Name of the Procedure:

  • Common Name: Medication Review
  • Technical/Medical Term: Eligible clinician attests to documenting in the medical record they obtained, updated, or reviewed the patient's current medications (G8427)

Summary

This procedure involves a clinician reviewing and updating a patient’s current list of medications.
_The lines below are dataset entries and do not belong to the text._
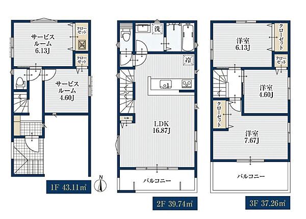 | 間取り | 3LDK+2S | 建物構造 | 木造、地上3階建て |
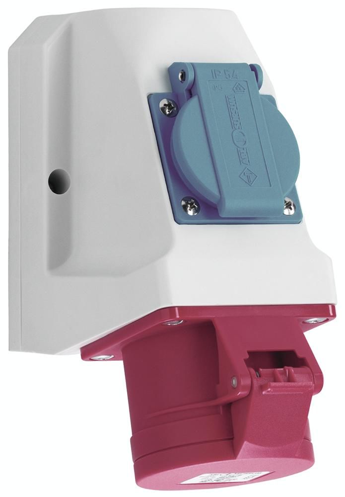 Abl Sursum D51S331 ABL CEE Kombi-Wandsteckdose IP44 16A 5p 400V 6h rot verdrahtet
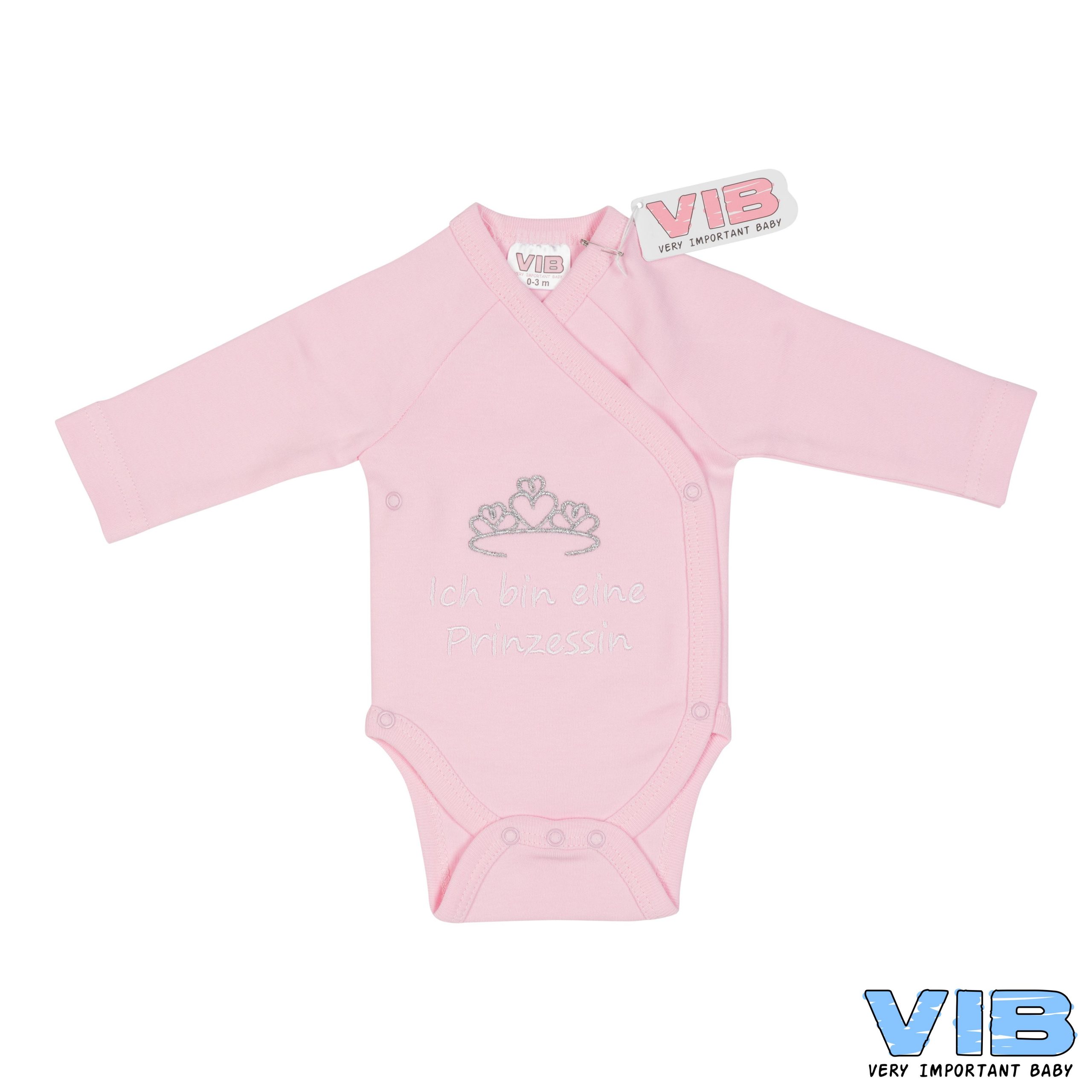 Der niedliche rosafarbene Body, mit der edlen weißen Stickerei: “Ich bin eine Prinzessin” und dem mit silbernem Garn gestickten Diadem, ist ein besonderes Geschenk für alle Babys und deren frisch gebackenen Eltern.

The clinician ensures that all medications, including prescriptions, over-the-counter drugs, and supplements, are accurately documented in the patient's medical record.

Purpose

  • Medical Conditions/Problems Addressed: Ensures accurate documentation and prevents medication errors.
  • Goals/Expected Outcomes: Enhances patient safety, improves medication management, and supports better clinical decision-making.

Indications

  • Symptoms/Conditions: Patients on multiple medications, recent hospital discharges, new diagnoses, or changes in treatment plans.
  • Criteria/Factors: Chronic diseases management, complex medication regimens, and patient history of medication non-adherence.

Preparation

  • Pre-procedure Instructions: Patients should bring all current medications, including prescriptions, over-the-counter drugs, and supplements, to the appointment.
  • Diagnostic Tests/Assessments: No specific tests required prior to the review.

Procedure Description

  1. Initial Patient Interaction: The clinician asks the patient about their current medications.
  2. Documentation: The clinician updates the medical record to reflect all current medications the patient is taking.
  3. Verification: The clinician verifies the list against any existing records or recent prescriptions.
  4. Education: The clinician may educate the patient on proper medication use and address any concerns or questions.
  • Tools/Equipment: Electronic Health Record (EHR) system, medication list forms.
  • Anesthesia/Sedation: Not applicable.

Duration

  • Typical Duration: 10-20 minutes

Setting

  • Location: Physician’s office, outpatient clinic, or during a hospital visit.

Personnel

  • Healthcare Professionals Involved: Primary care physicians, specialists, nurse practitioners, and physician assistants.

Risks and Complications

  • Common Risks: Minimal; primarily involves clerical errors that could be rectified promptly.
  • Rare Risks: None significant; risks are typically related to pre-existing conditions or incorrect patient information.

Benefits

  • Expected Benefits: Improved medication safety, better patient outcomes, and reduced risk of adverse drug events.
  • Realization Timeline: Immediate to short-term improvements in medication management.

Recovery

  • Post-procedure Care: No specific post-care required; patient continues with regular activities.
  • Recovery Time: Not applicable.
  • Restrictions/Follow-up: None, unless changes to medication are made.

Alternatives

  • Other Treatment Options: Periodic pharmacy reviews, automated medication reconciliation systems.
  • Pros and Cons of Alternatives: Alternatives like pharmacy reviews provide additional professional insight but may not be as integrated into the patient's overall care plan.

Patient Experience

  • During the Procedure: Patients should feel comfortable and encouraged to discuss their medications and any concerns.
  • After the Procedure: Patients typically experience reassurance in understanding their medication regimen better and have increased confidence in their treatment plan.
  • Pain Management/Comfort Measures: No pain or discomfort; however, clear communication and patient education enhance comfort.